Many mental health specialists are trained to help people who are depressed. Psychiatrists have specific training in depression medication treatment and therapy, whereas psychologists have been trained to give Depression counseling.
Depression therapy is also provided by certain social workers and certified professional counselors. Physicians and nurse practitioners with expertise treating Depression, such as primary care physicians, neurologists, and physiatrists, may frequently begintherapy.
When a complete brain injury rehabilitation program is available, it is advisable to seek therapy from one that can address all elements of TBI recovery.
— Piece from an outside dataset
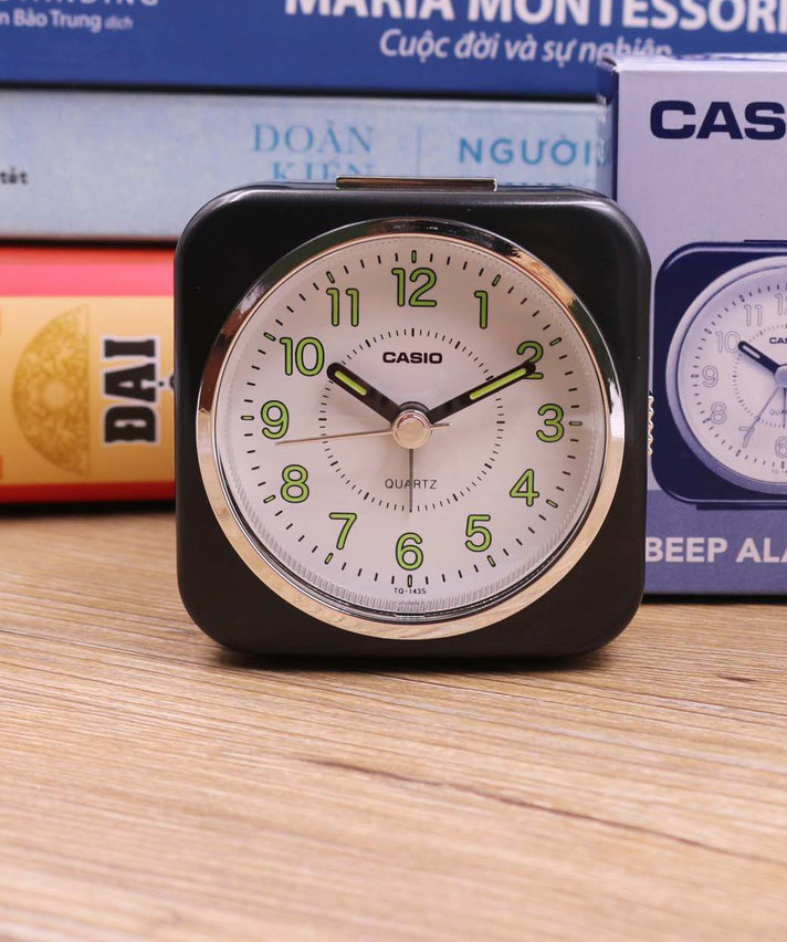 Đồng hồ báo thức du lịch - để bàn TQ-140-1DF có thiết kế đơn giản thanh lịch và nhỏ gọn hiện thị đầy đủ tính năng xem giờ, báo thức có dạ quang trên mặt

Contact the National Institute of Mental Health at 1-866-615-6464 (toll-free) or visit their website http://www.nimh.nih.gov/health/topics/depression/index.shtml for more general information about Depression.
People who have had a brain injury are substantially more likely to develop Depression. Depression affects ten percent of the population in the United States. Thirty percent (30%) of persons who have had a TBI, on the other hand, suffer from Depression. This is a significant and concerning difference. Regardless of the severity of the TBI, this discrepancy exists.
Counseling and medication are the two most common treatments for Depression. Psychotherapy is a kind of counseling used to treat Depression. Psychotherapy is when a depressed person meets with a certified medical expert regularly to discuss their symptoms and how to cope with them.
Antidepressants are the drugs that are used to treat Depression. Psychotherapy and medications are often used to treat persons who are depressed. It’s vital to remember that antidepressants’ negative effects on persons who simultaneously have a TBI are unknown to professionals and academics.
Stomach difficulties, weight fluctuation, sexual problems, and difficulty sleeping are all common antidepressant side effects. When antidepressants interact with other drugs, the results might be unpredictable. As a result, it’s critical to share your medical and pinjuryaceutical history with your doctor.
When a person suffers from a TBI, the physical symptoms may be life-altering. They may have an impact on your mood, employment, love life, and even family ties. This merely adds to one’s stress levels, exacerbating anxiety and despair. Anxiety may aggravate headaches as well. Unfortunately, TBI and Depression often coexist, and they exacerbate one other. Go here for further information.
If you have suffered a traumatic brain injury or are depressed, you should seek the advice of an experienced personal injury attorney
If you or someone you care about needs assistance recovering from a TBI or Depression, contact one of the skilled lawyers Warrior Car Accident Lawyers. Please contact 719-300-1100 for additional information on how we can help your family with this critical matter; one of our expert lawyers is eager to assist you.